_WHAT THIS TASK INVOLVES_
Exactly the lines below from the line with "いっぱい食べて、キャンプファイヤーで燃え上がるぞー、オー!" through the line with "Matrace je tvořena" must make up the answer, both ends included and pictures left out.

★ ★ ★ ★ ★ ★ ★

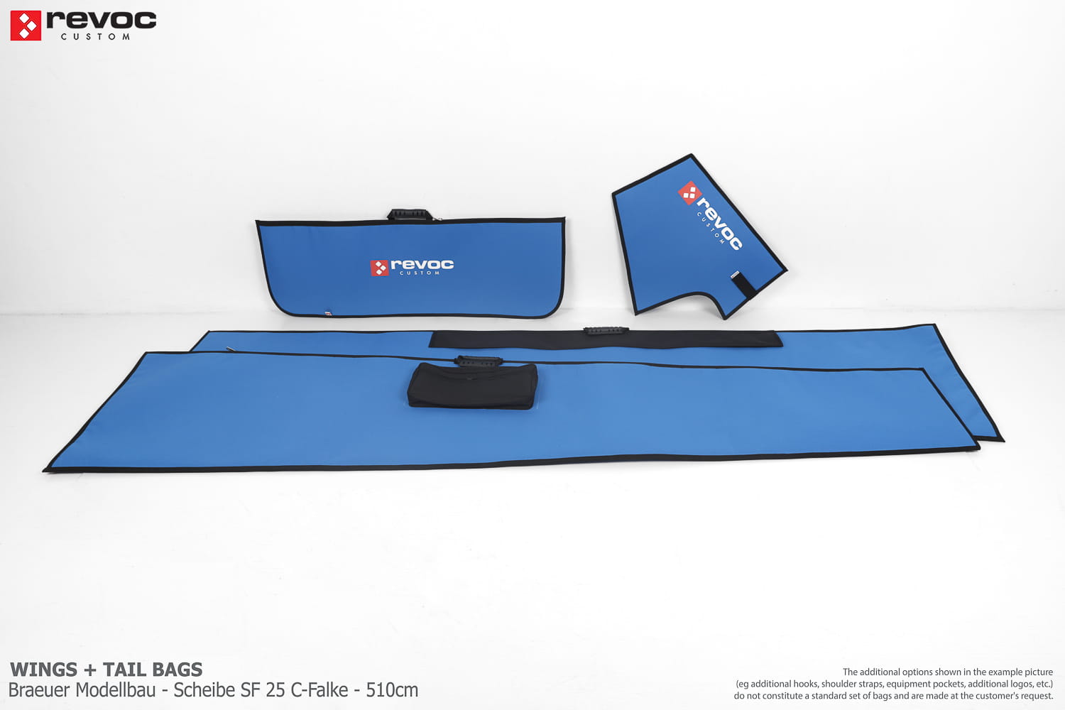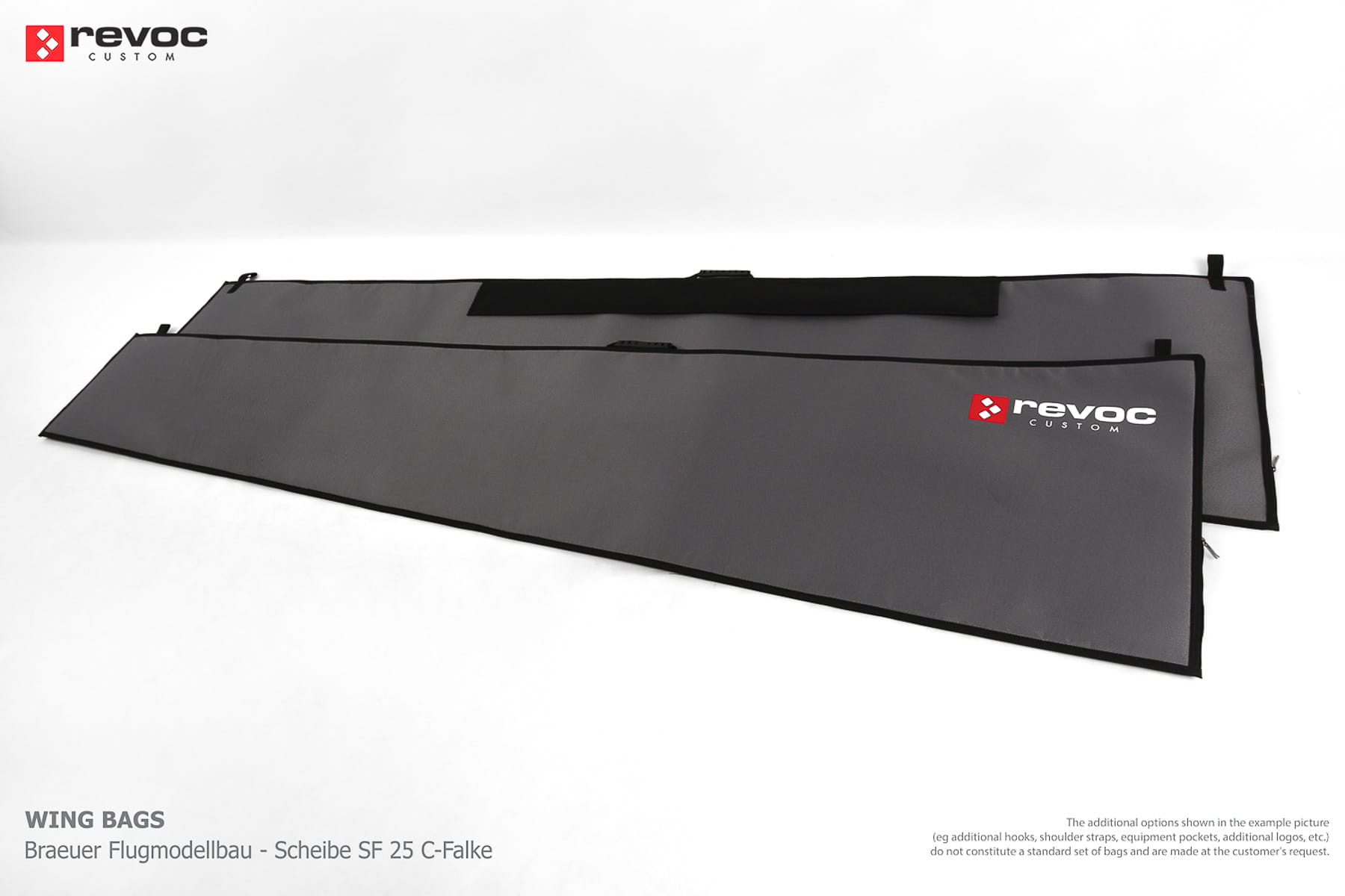 All REVOC bags are made especially for your model. They are completely tailored to the specific structure of your aircraft - regardless of whether it is a JET model, aerobatic model, glider or bi-plane model. Bags are made according to your comments, individual parameters and wishes. Please write your additional comments and wishes in the COMMENT section or send them directly to the e-mail revoc@revoc.eu after placing the order.
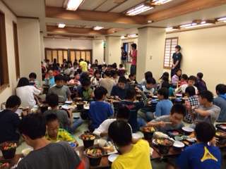 いっぱい食べて、キャンプファイヤーで燃え上がるぞー、オー!
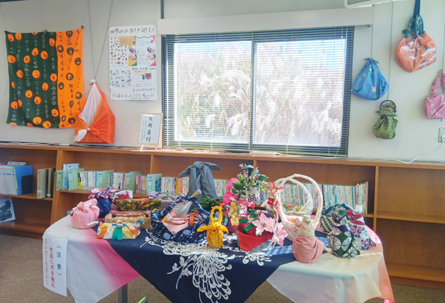 展示されているさまざまな風呂敷(豊橋市東部生涯学習センター飯村分館1階で)
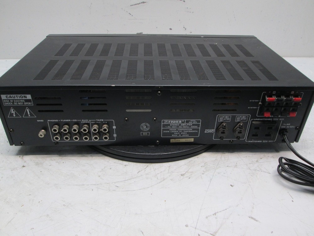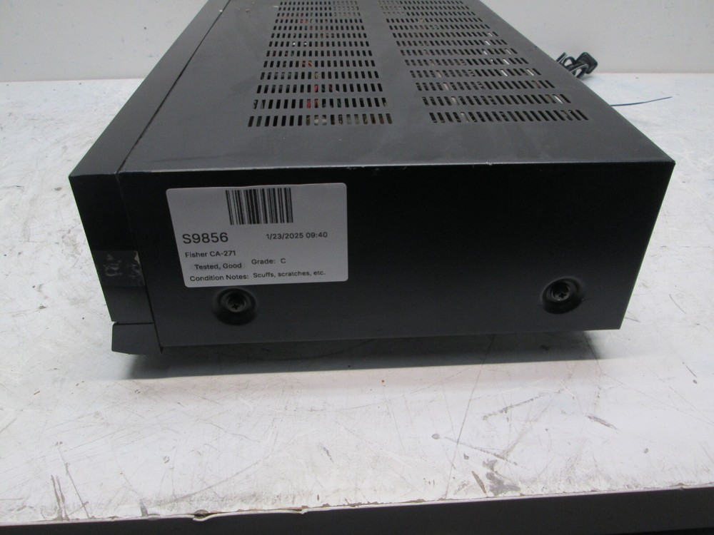 Fisher CA-271 Receiver - Tested Condition Grade: C Functional Grade: A This item has been tested to power on and play audio on our test bench. To our knowledge, it is in good working order. There are some marks and wear on the casing from general use. See pictures for further details. No further testing has been performed. Shipping Disclaimer: We do our best to ensure that our items arrive safely. Sometimes, however, they do sustain shipping damage. In the unlikely event that this happens to your item, please contact us immediately, and we will resolve the situation for you. Accessories Included: Power Cable: Not Included Remote: Not Included Other Accessories: Not Included Terms of Sale: Please email any questions prior to bidding. Please allow up to one business day for a reply. We do not ensure compatibility with various accessories, software, or other hardware. Please do your own research before purchasing. Our business hours are Monday-Friday 8:00AM-4:00PM CST. Note that sales tax may be applicable depending on buyer location. Be sure to check your shipping address. We are not responsible for items shipped to an old, incorrect, or invalid shipping address. Local pickup is only an option for our freight listings. We are otherwise not open to the public.
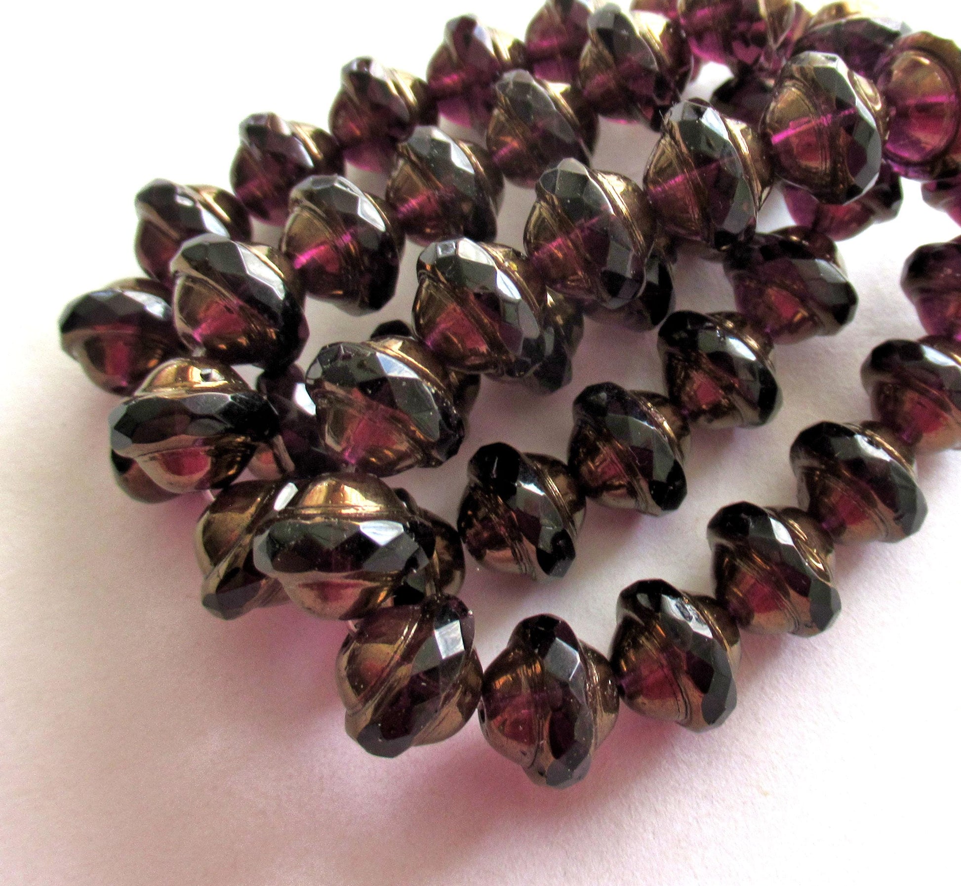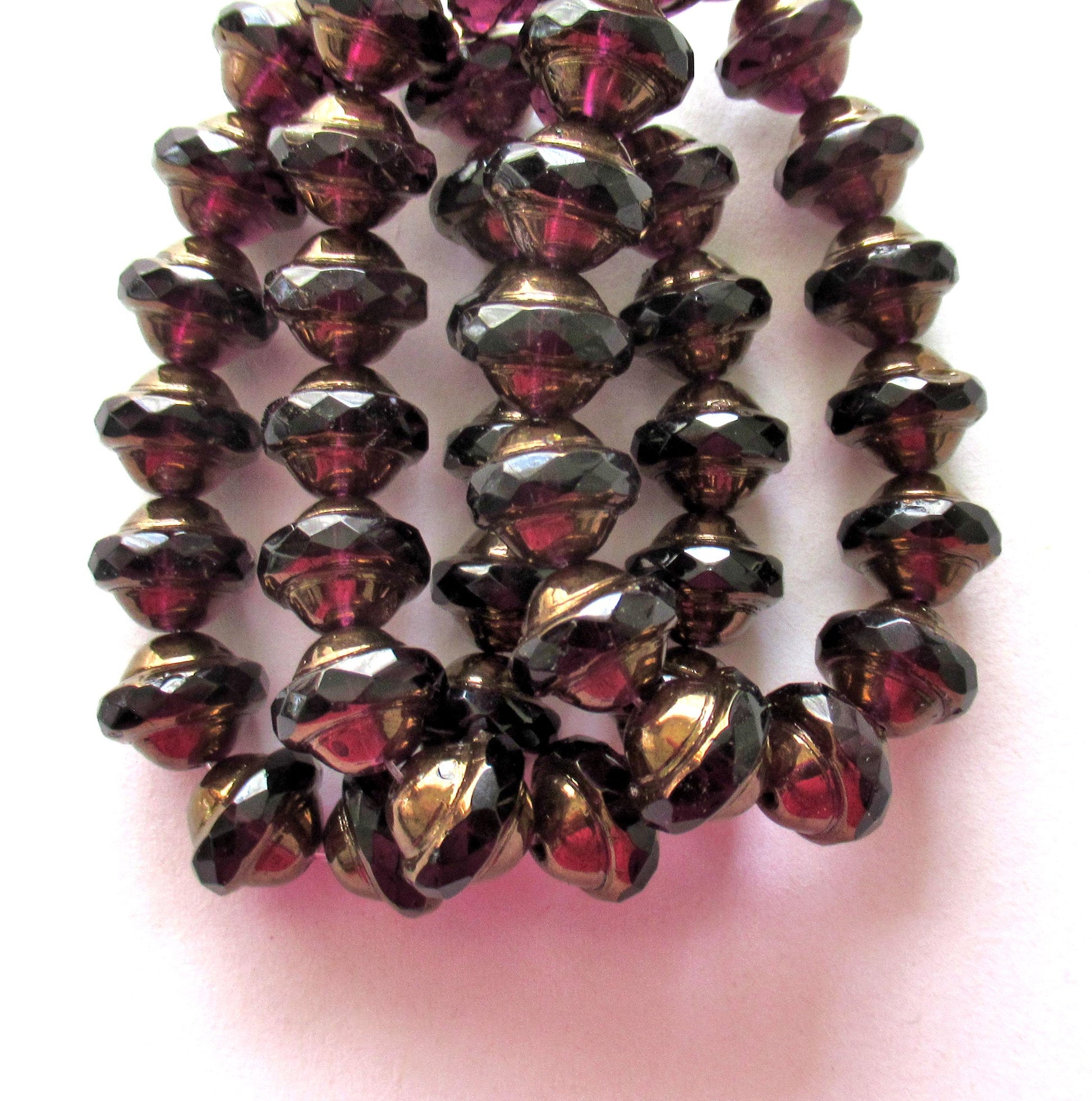 15 Czech glass saturn beads - 8 x 10mm transparent eggplant purple / amethyst - faceted saucer beads with bronze picasso accents C00102
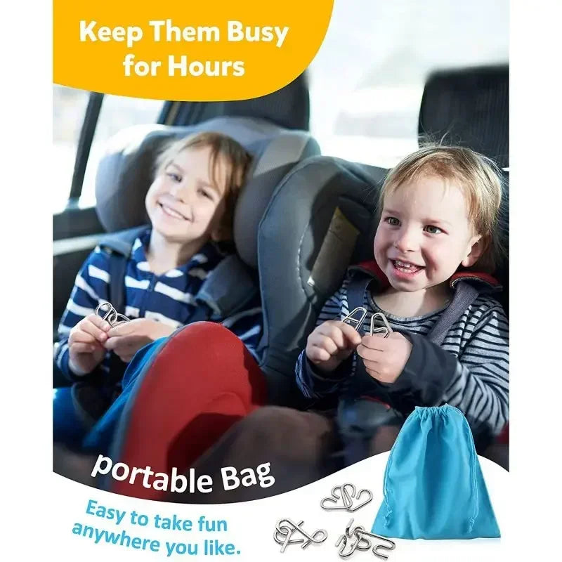 ��[Puzzlees de metal de alta calidad]Para los niños, nuestros rompecabezas de alambre metálico prestan más atención a la calidad, por lo que nuestro juguete IQ utiliza un proceso de formación integral para garantizar que los acertijos queden suaves y no lastimen las manos.Actualizamos nuestros materiales, utilizando tres capas de niquelado para evitar la oxidación o la falta de forma.
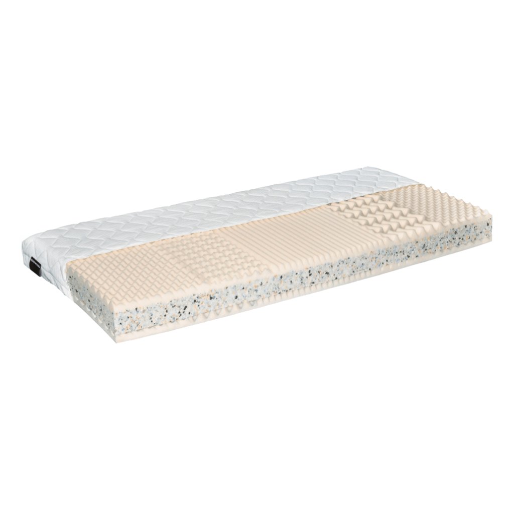 Matrace je tvořena kombinací dvou PUR pěn a RE pěn,Profilace na obou PUR pěn zajistí dokonalé prokrvení pokožky,
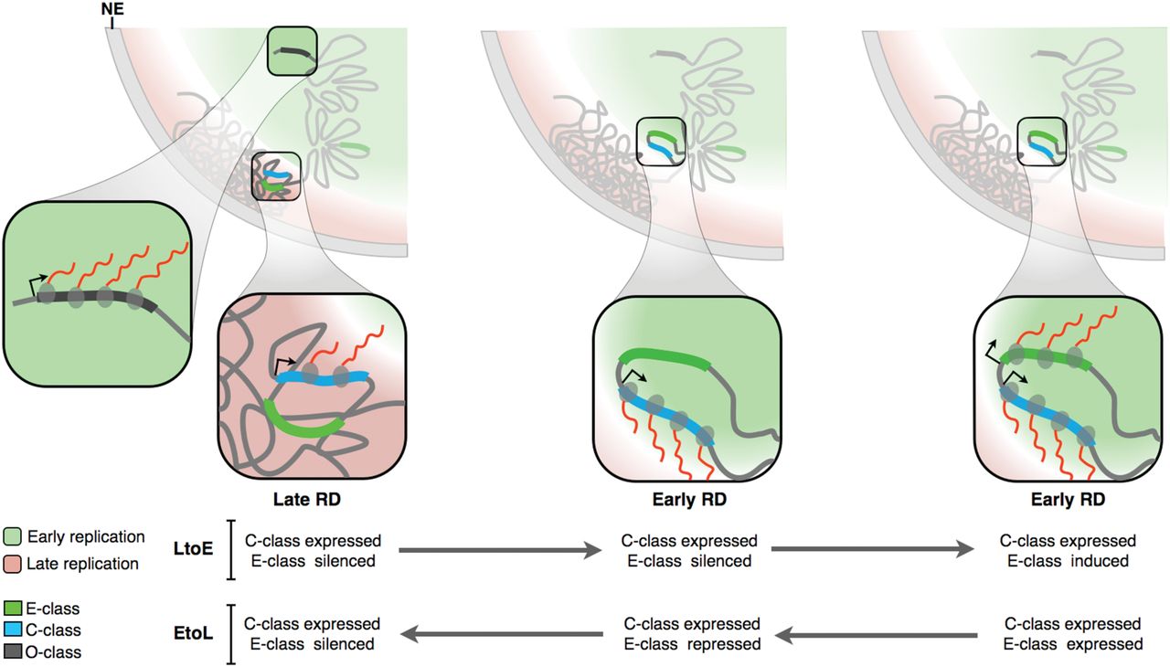 RT and transcriptional control. Early replication occurs in the nuclear interior, while late replicated regions are positioned at the periphery. Two RDs illustrate the differences in organization of early and late replicated regions. Transcriptional activity (red lines) and chromatin organization of E- versus C-class genes are represented in the expanded pictures during EtoL and LtoE RT changes (see text for details).
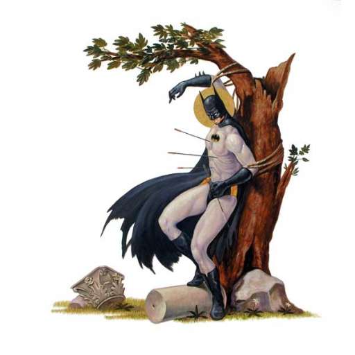 Mentre nel resto di Modena la gente cercava risposte a grandi questioni filosofiche, nel centro storico della città i fiabeschi personaggi di Vanni Cuoghi (Genova, 1966) interagivano con gli spettatori alla Galleria San Salvatore. Nell’opera di Cuoghi si alternano personaggi provenienti da immaginari diversissimi tra loro, associati da una figurazione omogenea e da una evidente cifra stilistica permanente. L’artista riprende un’iconografia rinascimentale, illuminista e allo stesso tempo ricade in un universo dal sapore popolare. La mostra affonda le radici nella nostalgia verso il passato, nelle sue innumerevoli forme, dall’infanzia al mondo degli avi, fino all’Eden dal quale l’uomo è stato cacciato per le sue intrinseche caratteristiche. Un uomo peccatore ma ironico. Un uomo vittima dei propri miti ed eroi, come Cuoghi svela attraverso la morte di Batman, sacrificato come San Sebastiano.
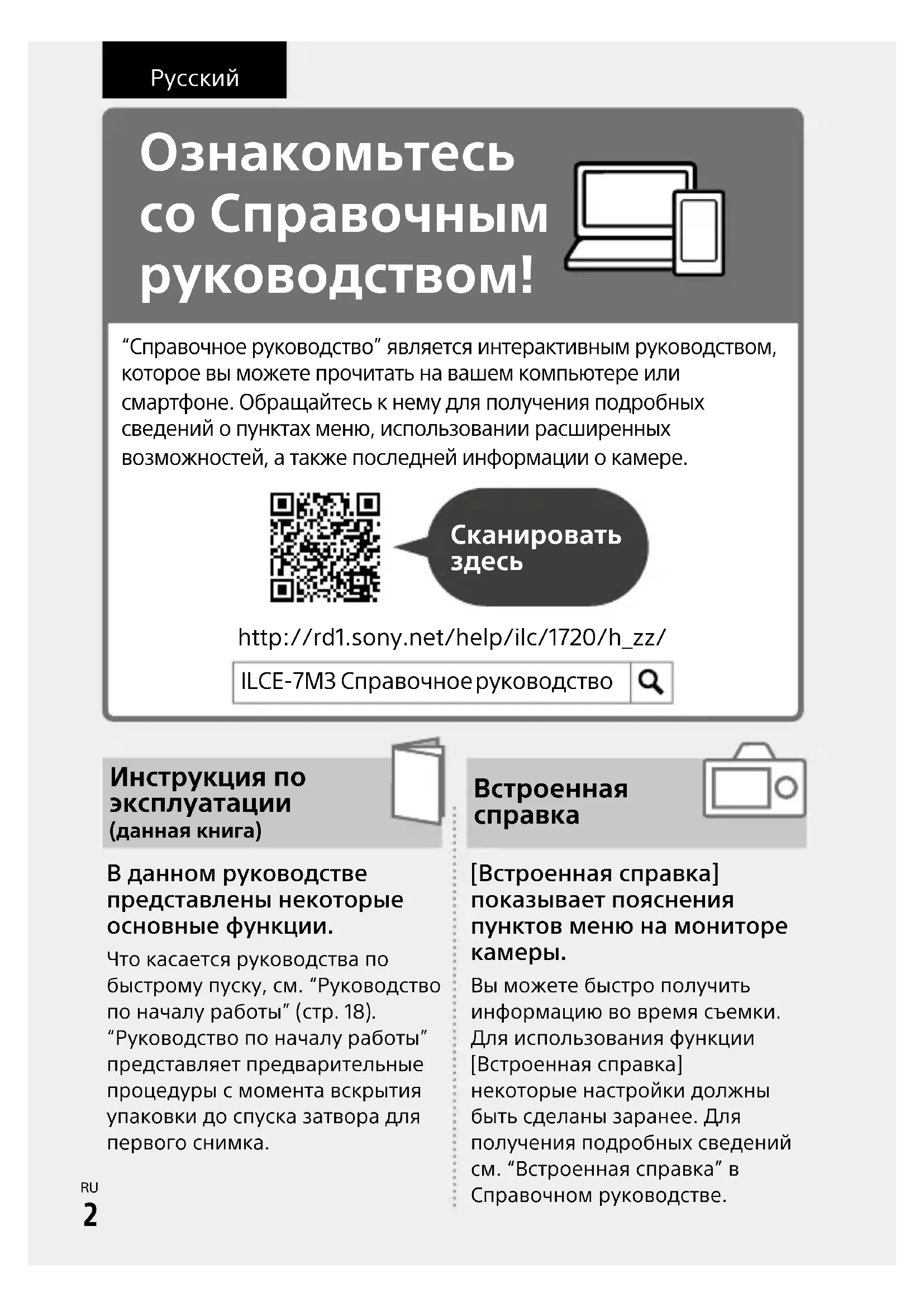 C:\1102\4732950411ILCE7M3CEC\09RU-ILCE7M3CEC\010BEF.indd DTP data saved: 2017/10/23 11:43 PDF file created: 2017/11/02 15:35 Руcский Ознакомьтесь со Справочным руководством! “Справочное руководство” является интерактивным руководством, которое вы можете прочитать на вашем компьютере или смартфоне. Обращайтесь к нему для получения подробных сведений о пунктах меню, использовании расширенных возможностей, а также последней информации о камере. Сканировать

★ ★ ★ ★ ★ ★ ★

_WRITTEN SOLUTION_
 いっぱい食べて、キャンプファイヤーで燃え上がるぞー、オー!
 展示されているさまざまな風呂敷(豊橋市東部生涯学習センター飯村分館1階で)
 Fisher CA-271 Receiver - Tested Condition Grade: C Functional Grade: A This item has been tested to power on and play audio on our test bench. To our knowledge, it is in good working order. There are some marks and wear on the casing from general use. See pictures for further details. No further testing has been performed. Shipping Disclaimer: We do our best to ensure that our items arrive safely. Sometimes, however, they do sustain shipping damage. In the unlikely event that this happens to your item, please contact us immediately, and we will resolve the situation for you. Accessories Included: Power Cable: Not Included Remote: Not Included Other Accessories: Not Included Terms of Sale: Please email any questions prior to bidding. Please allow up to one business day for a reply. We do not ensure compatibility with various accessories, software, or other hardware. Please do your own research before purchasing. Our business hours are Monday-Friday 8:00AM-4:00PM CST. Note that sales tax may be applicable depending on buyer location. Be sure to check your shipping address. We are not responsible for items shipped to an old, incorrect, or invalid shipping address. Local pickup is only an option for our freight listings. We are otherwise not open to the public.
 15 Czech glass saturn beads - 8 x 10mm transparent eggplant purple / amethyst - faceted saucer beads with bronze picasso accents C00102
 ��[Puzzlees de metal de alta calidad]Para los niños, nuestros rompecabezas de alambre metálico prestan más atención a la calidad, por lo que nuestro juguete IQ utiliza un proceso de formación integral para garantizar que los acertijos queden suaves y no lastimen las manos.Actualizamos nuestros materiales, utilizando tres capas de niquelado para evitar la oxidación o la falta de forma.
 Matrace je tvořena kombinací dvou PUR pěn a RE pěn,Profilace na obou PUR pěn zajistí dokonalé prokrvení pokožky,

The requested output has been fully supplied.